Records for the task:
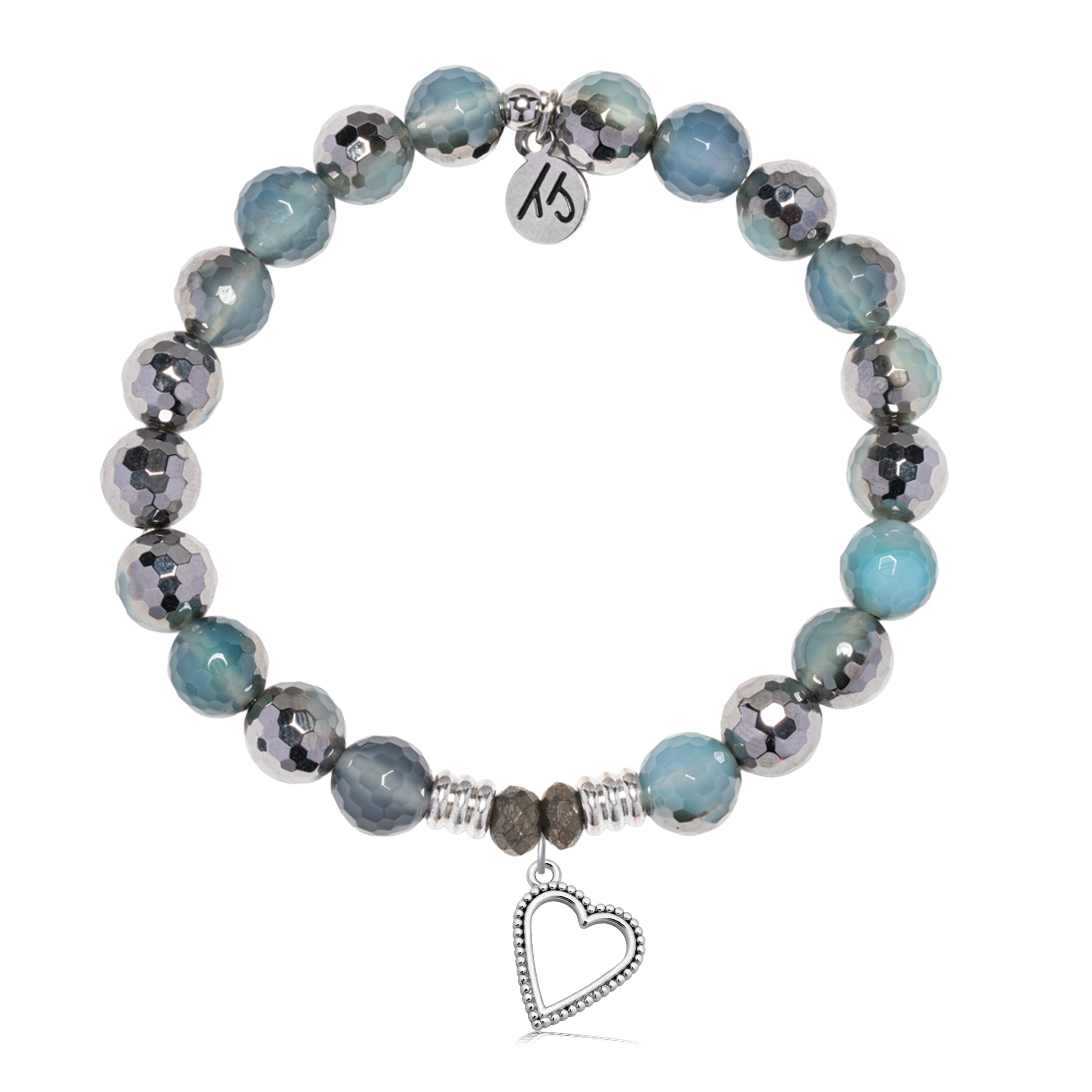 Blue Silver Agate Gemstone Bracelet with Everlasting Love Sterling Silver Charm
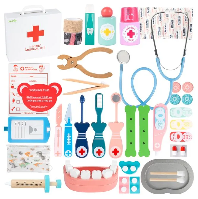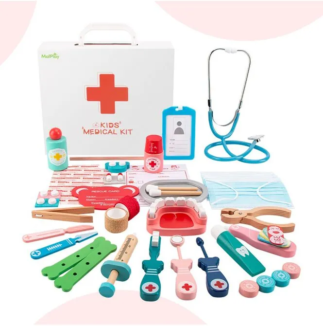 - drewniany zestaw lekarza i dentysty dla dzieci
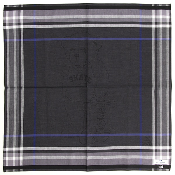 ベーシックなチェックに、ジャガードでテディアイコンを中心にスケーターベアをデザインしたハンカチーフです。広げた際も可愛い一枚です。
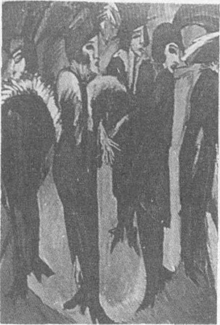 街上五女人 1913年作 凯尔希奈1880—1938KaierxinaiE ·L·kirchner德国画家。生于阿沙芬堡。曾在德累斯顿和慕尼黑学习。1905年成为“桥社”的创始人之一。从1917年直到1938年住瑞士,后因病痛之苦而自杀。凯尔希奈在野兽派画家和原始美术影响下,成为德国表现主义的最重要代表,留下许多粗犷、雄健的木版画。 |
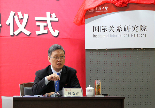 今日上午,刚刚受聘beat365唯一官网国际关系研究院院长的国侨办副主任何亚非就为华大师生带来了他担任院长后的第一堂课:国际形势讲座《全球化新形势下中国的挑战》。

---

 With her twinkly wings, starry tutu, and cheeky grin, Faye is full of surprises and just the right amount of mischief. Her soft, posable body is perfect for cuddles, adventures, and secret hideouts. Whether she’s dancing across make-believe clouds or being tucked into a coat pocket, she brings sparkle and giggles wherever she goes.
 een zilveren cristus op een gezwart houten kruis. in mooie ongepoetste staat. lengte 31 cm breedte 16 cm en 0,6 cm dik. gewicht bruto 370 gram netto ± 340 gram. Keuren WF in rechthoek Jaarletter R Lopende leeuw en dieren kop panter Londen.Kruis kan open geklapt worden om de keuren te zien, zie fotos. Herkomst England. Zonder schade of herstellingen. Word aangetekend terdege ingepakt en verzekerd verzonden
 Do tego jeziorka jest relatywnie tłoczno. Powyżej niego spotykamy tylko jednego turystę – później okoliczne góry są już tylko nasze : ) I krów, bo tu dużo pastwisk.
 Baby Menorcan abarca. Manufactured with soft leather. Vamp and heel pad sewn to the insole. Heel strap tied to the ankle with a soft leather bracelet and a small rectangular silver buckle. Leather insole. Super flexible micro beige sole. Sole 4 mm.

Directions for this task:
Please copy each line of the records above in which the word "soft" can be found.

Result of this task:
 With her twinkly wings, starry tutu, and cheeky grin, Faye is full of surprises and just the right amount of mischief. Her soft, posable body is perfect for cuddles, adventures, and secret hideouts. Whether she’s dancing across make-believe clouds or being tucked into a coat pocket, she brings sparkle and giggles wherever she goes.
 Baby Menorcan abarca. Manufactured with soft leather. Vamp and heel pad sewn to the insole. Heel strap tied to the ankle with a soft leather bracelet and a small rectangular silver buckle. Leather insole. Super flexible micro beige sole. Sole 4 mm.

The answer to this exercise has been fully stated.